知らない映画のサントラを聴く

竹宮ゆゆこ知らない映画のサントラを聴く」、新潮文庫nex

とらドラ!」で高校生を、「ゴールデンタイム」で大学生を描いた著者の新作は、23歳大卒自宅警備員

着実に階段を昇っているようで知らぬ間に踏み外している感じが恐ろしい。

「恋愛小説」と謳われていますけれども、全体の3/7くらいまでは男子側の姿はほとんど無いし、男子が出てきてからも、これ恋愛なの?、と疑問符が浮かびっぱなしではありますが、むしろその上に書いてある「贖罪」のお話なのでありましょう。

以下、ネタバレ注意。














あの日見た花の名前を僕達はまだ知らない。」における、ゆきあつさんルートとでも言うべきか。

Kanon」の川澄舞さんを思い出すこともできるかもしれません。
舞さんはセーラー服ではなかったような気もしますが。

AURA〜魔竜院光牙最後の闘い〜」の佐藤良子さんでもいいかもしれません。
が、佐藤良子さんは黒髪ロングではなかったような気もします。

もしくは、「恋愛」を狭義の男女間に限定しなければ、あるいは?

でも、やっぱり「恋愛」って感じではないような。
なんというか、もっと淡い。

とはいえ、「贖罪」といっても罪を贖うために何かを為すわけでもなく、むしろ後悔と懺悔のお話とすら言えるかもしれません。

とにかくまあ、実家寄生型大卒自宅警備員の生態が、残酷なほどにまざまざと描かれます。

決して何もしていないわけではなく、食器も洗うし台所シンクも磨くし洗濯も風呂掃除も、と家族のために励む部分もあるのですが、そこからの突き落とされ具合は、読んでいていちばんきつかった部分かもしれません。

この著者さんの作品ではしばしば、このどん底感がクセになるから厄介です。

持ち上げられて、突き落とされる。

感情の上下動の落差が激しいです。

……あ、ここまで書いて今ごろ気づきましたが、このヒロインさんはじんたんさんだったのか。

ますます「あの花」感。

とはいえ、ミステリではないので、事件の真相は闇の中。

事件の真相よりも、各々がそれをどう受けとめてどう乗り越えていくか。

内面のお話に帰結していきます。



そんなわけで、じんたんさんことヒロイン・枇杷さんはわりと視野が狭くてうじうじぐだぐだした感じなのに対して、
ゆきあつさんこと昴さんはいちおう社会人でもあり、わりと能動的というか強引な面もあって、お話を駆動していく力になっている、ような気もします。

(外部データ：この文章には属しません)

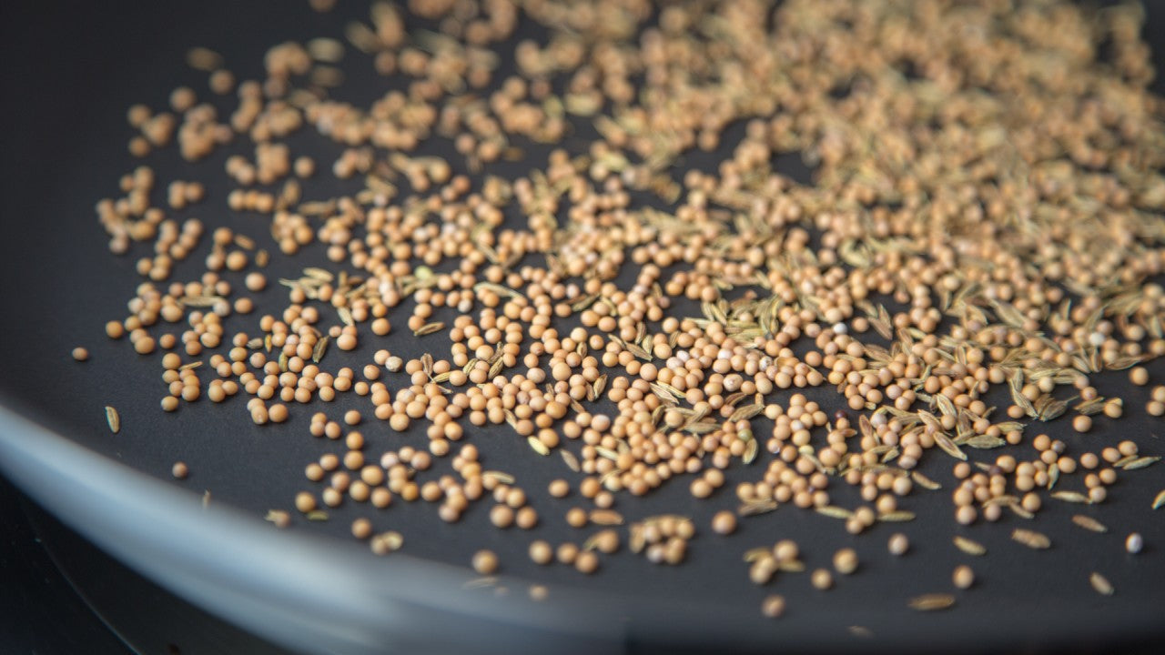 Senfkörner und Kreuzkümmel in einer Pfanne anrösten bis es wunderbar duftet. In einem Mörser fein mahlen.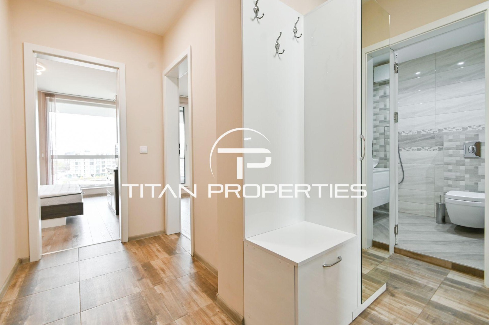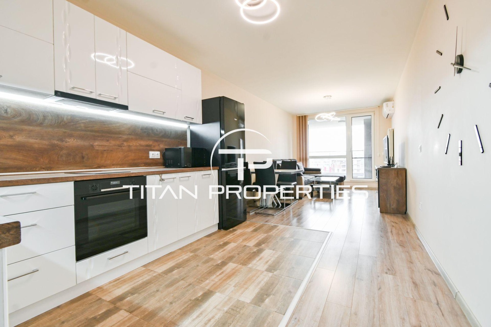 Титан Пропъртис - офис Хиподрума с радост предлага на Вашето внимание тристаен апартамент под наем в кв. Манастирски ливади, София. С обща площ от 108 кв.м. и разположение на 5-и етаж в нова 8-етажна сграда от 2022 г., имотът съчетава изискан комфорт и съвременен дизайн.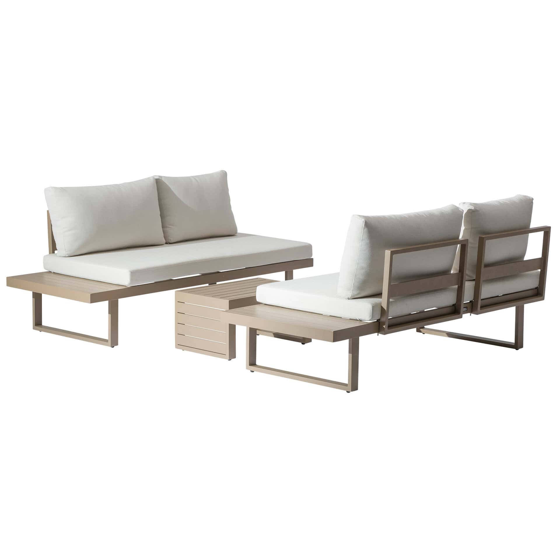 Maintaining this lounge set is very simple. A basic cleaning with water and mild soap keeps the frame in top condition. The maintenance is easy and efficient. The polyester cushions dry quickly and retain their shape, even after years of intensive use. The set can remain outdoors all year round without any loss of quality, eliminating storage and transport costs.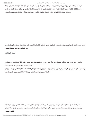 5/26/25, 8:56 AM رﺎھدزﻻاو وﻣﻧﻟا ﺔﻠﺟﻋ ﻊﻓدﯾ ﺔﯾﻧﯾﺻﻟا ندﻣﻟا ﻊﻣ تﺎﻛارﺷﻟا زﯾزﻌﺗ :دﯾﻣﺣ نﺑ رﺎﻣﻋ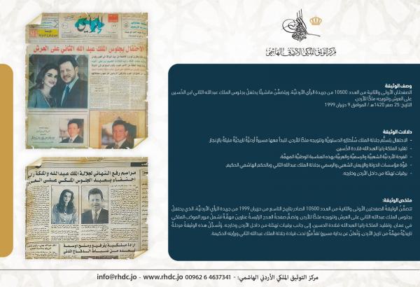 نشامى الاخباري – عرض مركز التوثيق الملكي الأردني الهاشمي، وثيقة تاريخية من أرشيفه تؤرّخ لذكرى الجلوس الملكي والاحتفالات بتولي جلالة الملك عبد الله الثاني سلطاته الدستورية ، وتتضمّن العدد الصادر بتاريخ 9 حزيران 1999 من جريدة الرأي الأردنيّة.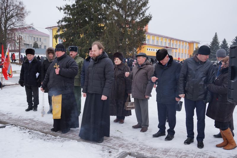 Благочинный Медвенского церковного округа протоиерей Виталий Киреев в сослужении клирика Успенского храма п. Медвенка иерея Дмитрия Долженкова совершили панихиду по погибшим воинам.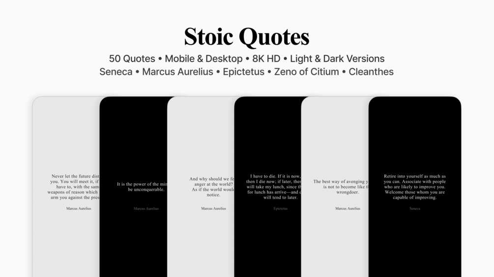 Stoic Wisdom is a powerful and simplistic 10K HD wallpaper collection of over 50 quotes from the most famous stoic philosophers in history. The premium pack includes light and dark, as well as desktop and mobile versions of powerful, specially curated stoic quotes. The pack also comes with an additional 6 sets (12 wallpapers) of 8K HD Ancient Greek sculptures that represent stoic values.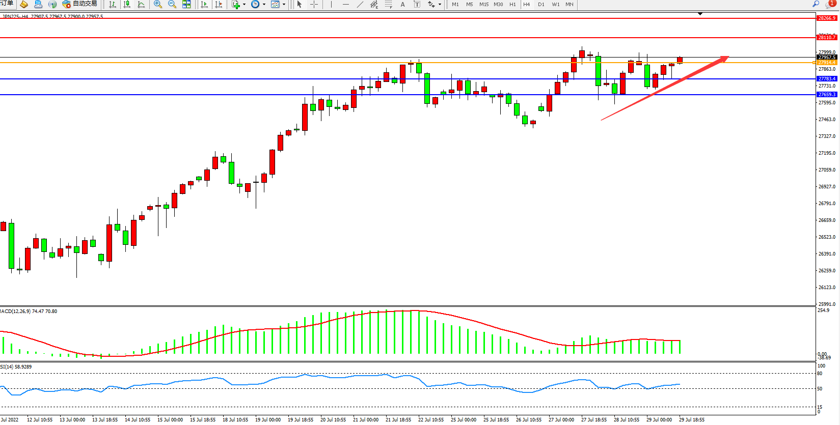 日经225指数7月29日(周五)收盘下跌25.48点,跌幅0.09%,报27790.00点。日本6月工厂产出创逾九年来最快增速,因亚洲大国防疫封控造成的干扰有所缓解,这对希望经济前景得到改善的决策者来说是一个向好迹象。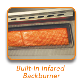 Backburner with high performance rotisserie kit (not available on -00SP models).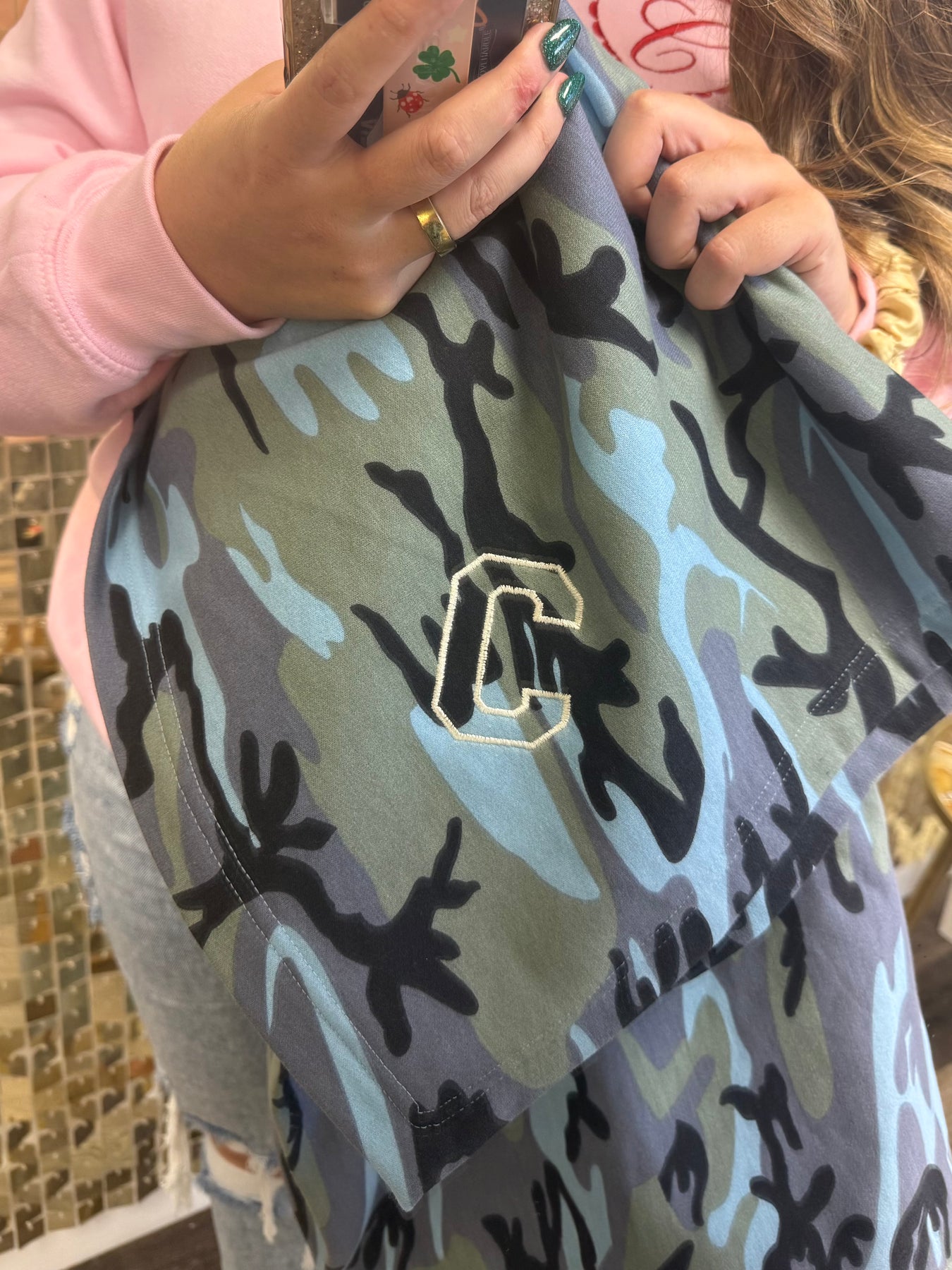 by PrepO DOORBUSTER: Blue Camo Collegiate Embroidered Blanket (Ships in 2-3 Weeks)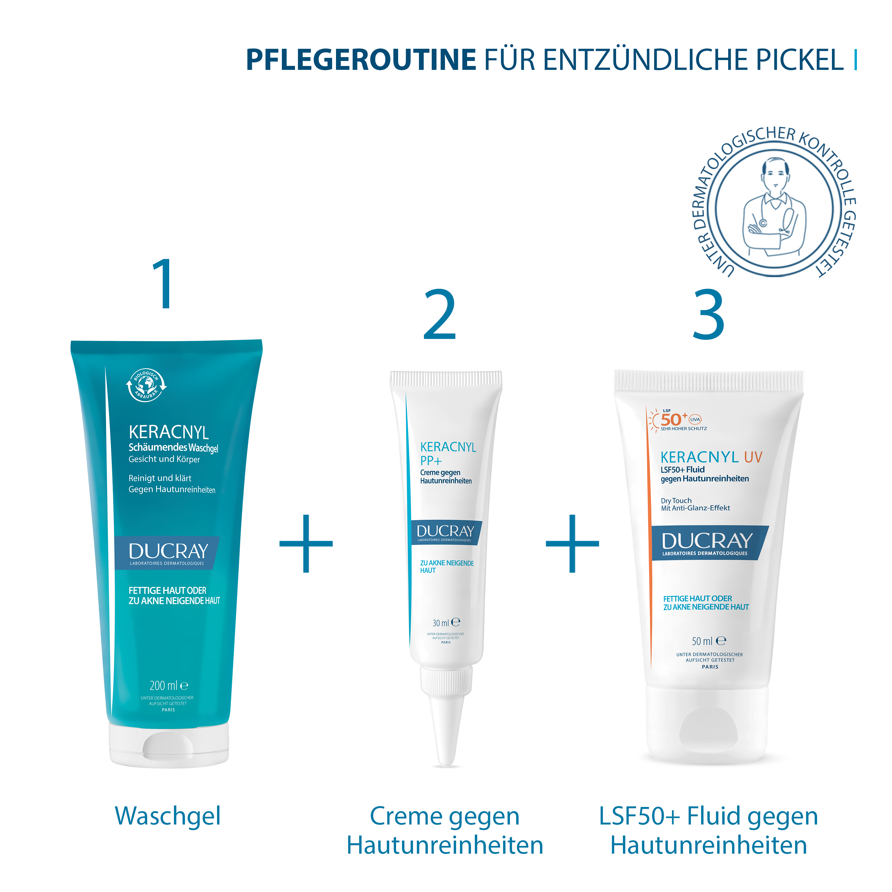KERACNYL Waschgel reinigt und klärt sanft die zu Akne neigende Haut. Das Waschgel ist seifenfrei und für Gesicht und Körper geeignet. Aufgrund der sehr guten Verträglichkeit ist das Waschgel auch in Kombination mit topischen Anti-Akne-Präparaten erwiesen. Das Waschgel ist nicht komedogen und basiert auf einer biologisch abbaubaren Formulierung.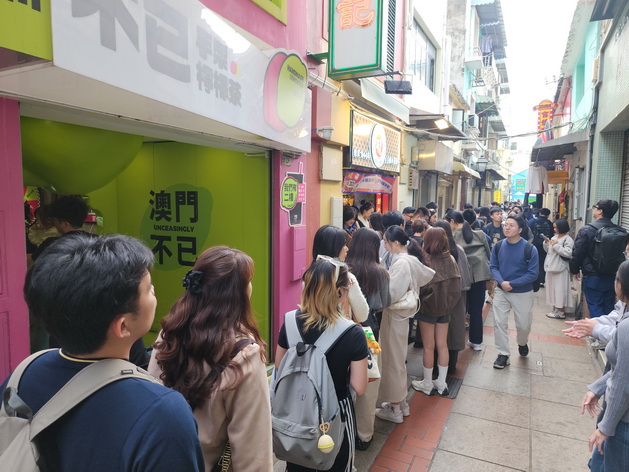 周日是香港聖誕連周末假期最後一天,本澳多個旅遊區人流依然人頭湧湧,當中氹仔舊城區不少備受旅客熱捧的店舖門外排起長長人龍,尤其官也街人流如鯽,至於近日開業的氹仔街市「美食+文創區」人流則稍為遜色,但仍不時見有旅客拖著行李箱到場覓食;而市政署在龍環葡韻一帶舉辦的冬季花卉展「紫色花田」不但吸引途經的旅客,也有不少本地居民利用周末假期到場與三萬盆各式各樣的紫色花卉拍照打卡。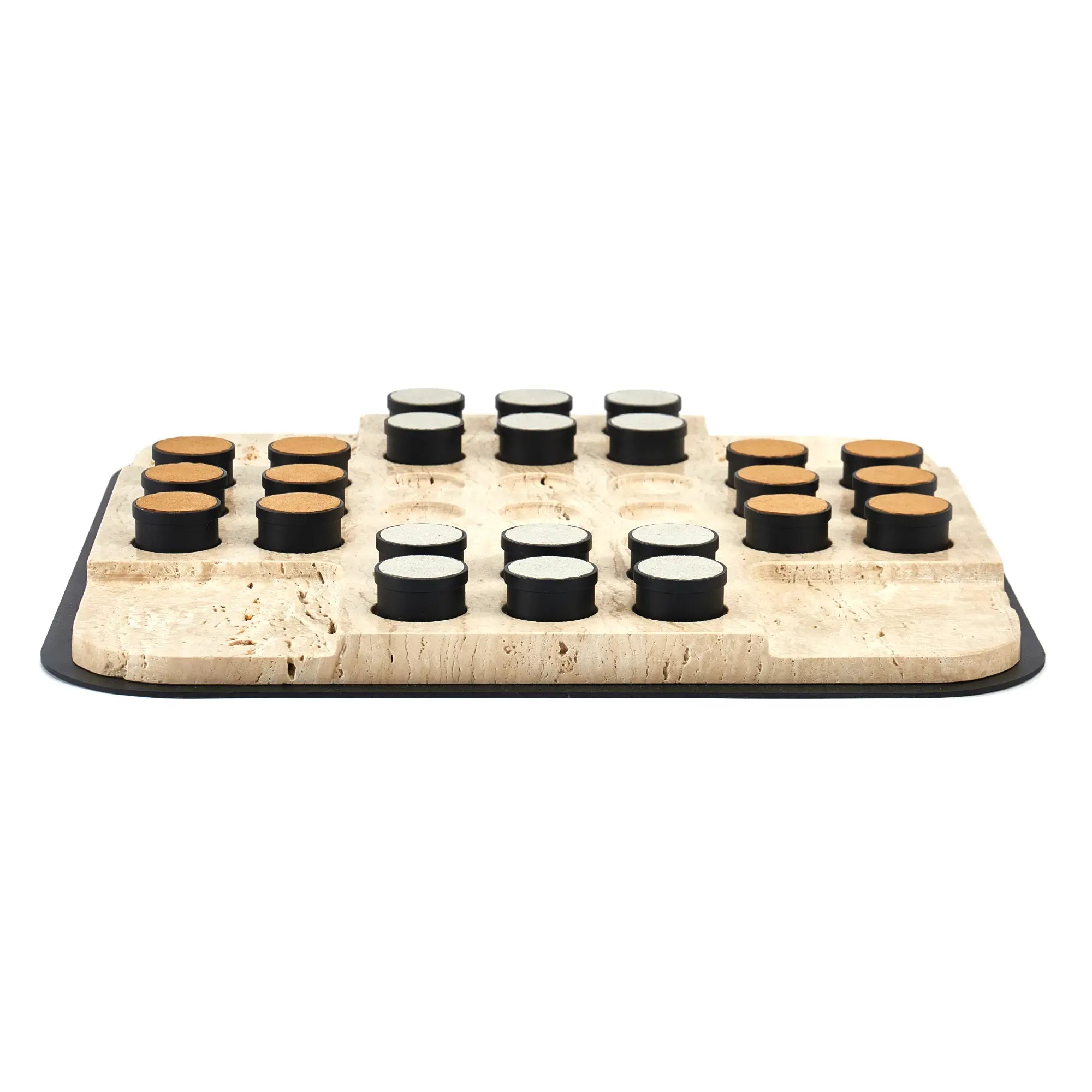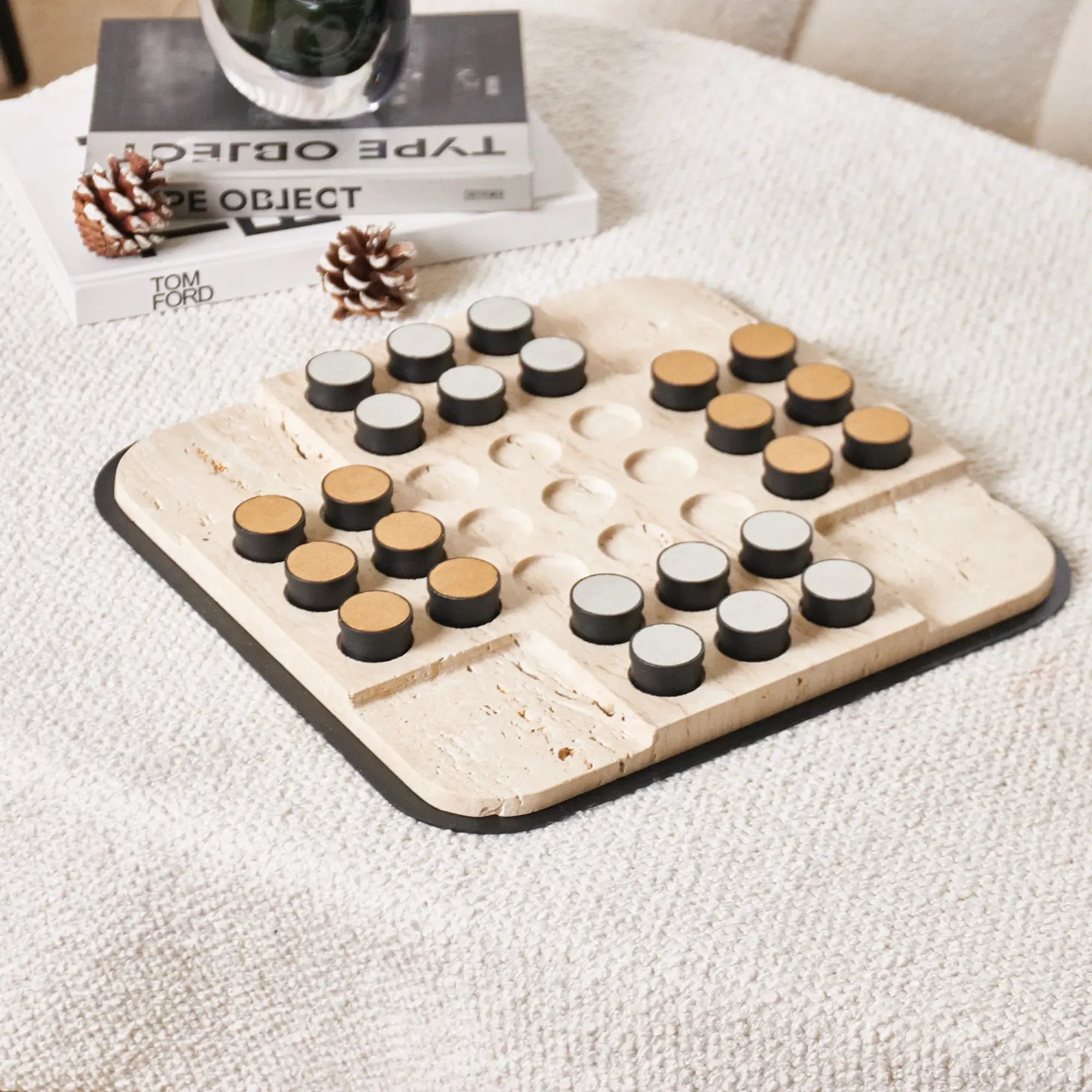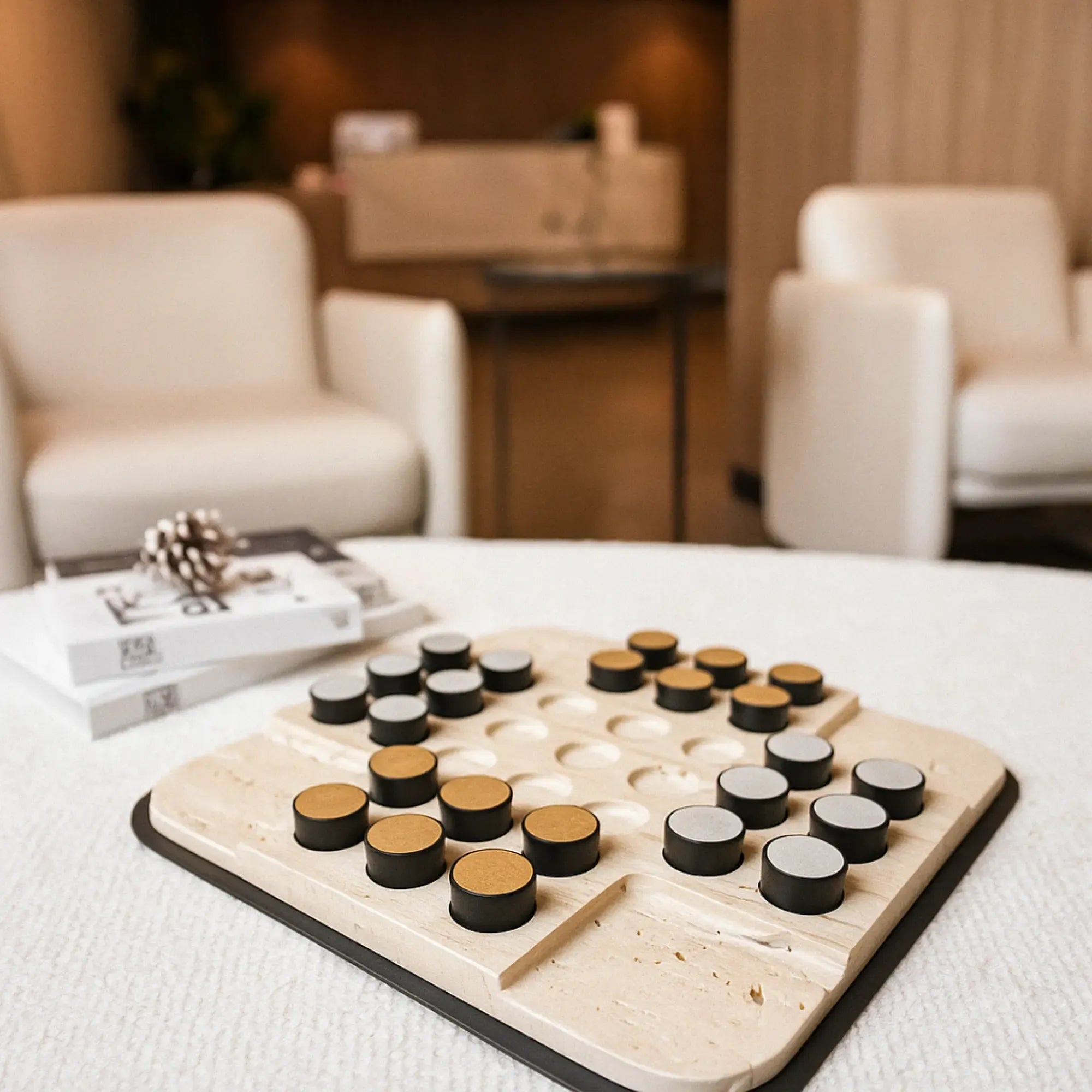 Luxuriöses Strategiespiel, Travertin-Deko, handgefertigtes Unikat, modernes Wohnaccessoire, edles Geschenk für Strategen & Designliebhaber, exklusives Tischobjekt mit zeitloser Eleganz.

非DTの余裕なのか、ふにゃふにゃのかわうそさんが歯止めになっているのかわかりませんが、枇杷さんに積極的に関わろうとするわりにはがつがつしてなくて微妙に適度な距離感。

そのあたりの機微こそが、本作の肝でもあります。

そういえば、かわうそさん的なアレの暗喩の元ネタはあざらしさんでしたかオットセイさんでしたか。

ネットのネタで見かける程度で本物はよく知らなかったり。

ブーツの暗喩も元ネタあるのかしら。

ともあれ、今の時代に誰かと関わろうとと思ったら、このくらいの強引さが無ければならないのかなあと思うと、気が遠くなります。

一方で、今回は双方が成人しているからいいものの、片方が未成年だったりしたら刑事的な事案かもしれず、あかんやつだこれ。

この作品はフィクションであり、よい子の大人は真似しちゃしけません。

枇杷さん危機感足りなさすぎ。



p.311、「生ぬるい目」、「優しい気遣いの目」、のくだりはドラえもんさんリスペクトかしら、とか思いましたが、意識しすぎだったかも。
ドラさんはあったかーい目、でしたか。

枇杷さんが押し入れで寝起きしたりするものだから、なんとなく引きずられてしまったのかも。

昴さん視点で見れば、ある日ドラえもんさんをひろったよ、ということになるのかしら。
たぶん違いますね。



そんなこんなで、清瀬朝野さんの不在の存在感が際立つのでした。

あと、便所サンダルとジャージとコアラTシャツと箸と、知らない映画のサントラ。

あ、兄嫁のチェリーさんという名前のせいで、緒方智絵里さんまで腹黒く見えてしまう副作用がありますので、プロデューサーの皆様におかれましては要注意。